Measures to tackle the housing crisis
VAT reduction for apartment construction from 13.5% to 9%.
A new corporation tax exemption for profits from cost rental housing.
An enhanced corporation tax deduction of 125% for qualifying apartment construction costs.
A geographic expansion and improvement to the Living Cities Initiative, intended to support the renovation of older housing and commercial building stock.
Extension of the rent tax credit and mortgage interest tax relief.
A new tax on derelict sites to be legislated for next year, to replace the local authority led Derelict Sites Levy. It will take effect towards the end of the decade.
VAT reductions
Reduction from 13.5% to 9% for food-based hospitality and hairdressing.
Extension of 9% rate on gas and electricity to the end of 2030.
Revenue raisers
Additional 50c excise on a packet of cigarettes.
A one-year extension to the €200m bank levy.

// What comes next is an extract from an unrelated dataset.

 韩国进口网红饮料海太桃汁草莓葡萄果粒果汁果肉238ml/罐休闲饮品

Business, investment and work
Increase in the R&D tax credit from 30% to 35% with an increase in the first-year payment threshold.

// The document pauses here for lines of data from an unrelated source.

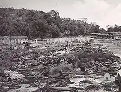 The prosperity of Sandakan as the capital of North Borneo was however ended when the Japanese occupied the town on 19 January 1942.[4][27] During their occupation, the Japanese restored the town's previous name, Elopura and established a prisoner of war camp to hold their captive enemies. Allied planes started to raid Sandakan in September 1944. As the Japanese feared further retaliation from the Allied forces, they began to move all prisoners and forced them to march to Ranau.[28] Thousands of British and Australian soldiers lost their lives during this forced march in addition to Javanese labourers from the Dutch East Indies.[29][30][31] Only six Australian soldiers survived from this camp, all after escaping. Sandakan was completely destroyed both by bombing from Allied forces and by the Japanese occupation.[6][32][33]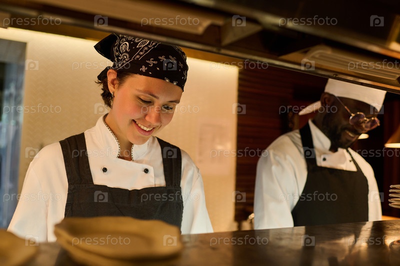 Счастливая молодая женщина в форме стоит у прилавка и готовит еду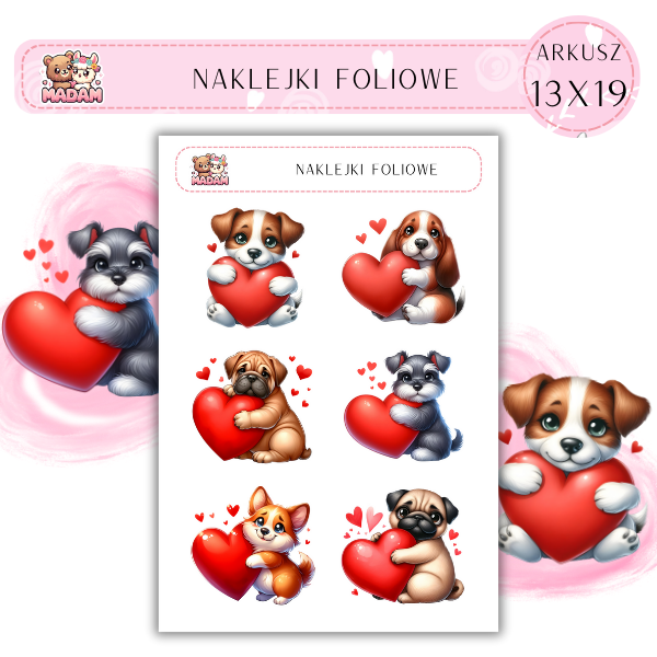 Naklejki foliowe Psy Serce 6 sztuk na arkuszu, MaDam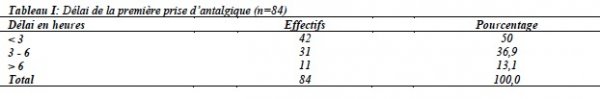 A quarante-huit heures postopératoires toutes les parturientes avaient un EVA compris entre 0 et 3. Les moyennes d’intensité de douleur dans les deux groupes étaient identiques soient 25,47 ±15,43 mm à six heures postopératoire, 23,84±12,19 mm à neuf heures postopératoire, 25,17 ±13,71 mm à 12 heures postopératoire, 22,21 ±13,14 mm à 18 heures postopératoire, 11,22 ± 7,47 mm à vingt-quatre heures postopératoire, 5,29 ±7,61 mm à trente-six heures postopératoire et 2,27±4,89 mm à quarante-huit heures postopératoire. Dans un délai postopératoire inférieur ou égal à 3 heures 50 % avaient reçu un traitement antalgique. (Tableau I).

Funding for the establishment of a National AI Office.
Reduction in various fund taxes, such as Investment Undertaking Tax and Life Assurance Exit Tax, from 41% to 38%.
Improvement to the film tax credit for expenditure on visual effects and six-year extension to digital games tax credit.
Increase in the lifetime limit on Revised Entrepreneur Capital Gains Tax Relief from €1m to €1.5m.
Increase in the National Minimum Wage by €0.65 per hour, to €14.15.
Social Protection
€10 increase to basic social welfare rates.
Various improvements to ancillary payments for families, including increases of €8 (u12) and €16 (over 12s) in child support payments, €60 increase in Working Family Payment (WFP) income thresholds, and payment of fuel allowance to WFP recipients.
€5 increase to fuel allowance.
Increase in income disregard for carers allowance from €625 to €1,000 per week.
Confirmation that pension auto-enrolment will commence on 1st January.
Health
A record €27.4 billion allocation, an increase of €1.5 billion on 2025.
220 new acute beds, 280 community beds and 500 nursing home places.
Rollout of new pharmacy contract.
Disability
€3.8 billion allocation for disability services.
250 new residential places and increased day service places.
6,500 assessments of needs funded.
Further/Higher Education
€500 permanent reduction in student contributions
1,110 new places in key health and social care professions.
Education
Increase to capitation rates - €50 per pupil at primary and €20 per pupil at post primary.
170,000 children to be supported by school transport scheme.
Climate and Transport
The carbon tax will be increased to €71/tonne, with revenue ringfenced for social welfare, retrofitting and environmental supports for farmers.
Extension of €5,000 VRT relief for EVs for another year.
A new rate of BIK will apply to electric company cars, ranging from 6% to 15%, depending on business mileage.
Accelerated Capital Allowances on Energy Efficient Equipment and on gas vehicles will be extended for 5 years.
Agriculture
Various agri-tax reliefs will be extended, including the Farm Consolidation (Stamp Duty) relief, Farm Restructuring (CGT) relief and the Young Trained Farmer (Stamp Duty) relief.
The accelerated capital allowance for slurry storage will be extended for four more years.
Increased funding for ACRES scheme, bovine TB eradication and the National Sheep Welfare Scheme.
Culture and Sport
A €10.7m increase for Sport Ireland, €3m of which will be used for the establishment of League of Ireland football academies.
A new scheme will be established as a successor to the artists’ basic income scheme.
Public servants
Funding for up to 1,000 extra Gardaí and €19m extra for overtime, plus 200 additional civilian staff.
The budget will provide for 1,717 additional special needs assistants.
It will also fund the recruitment of 1,042 teachers, including 860 in special educational needs.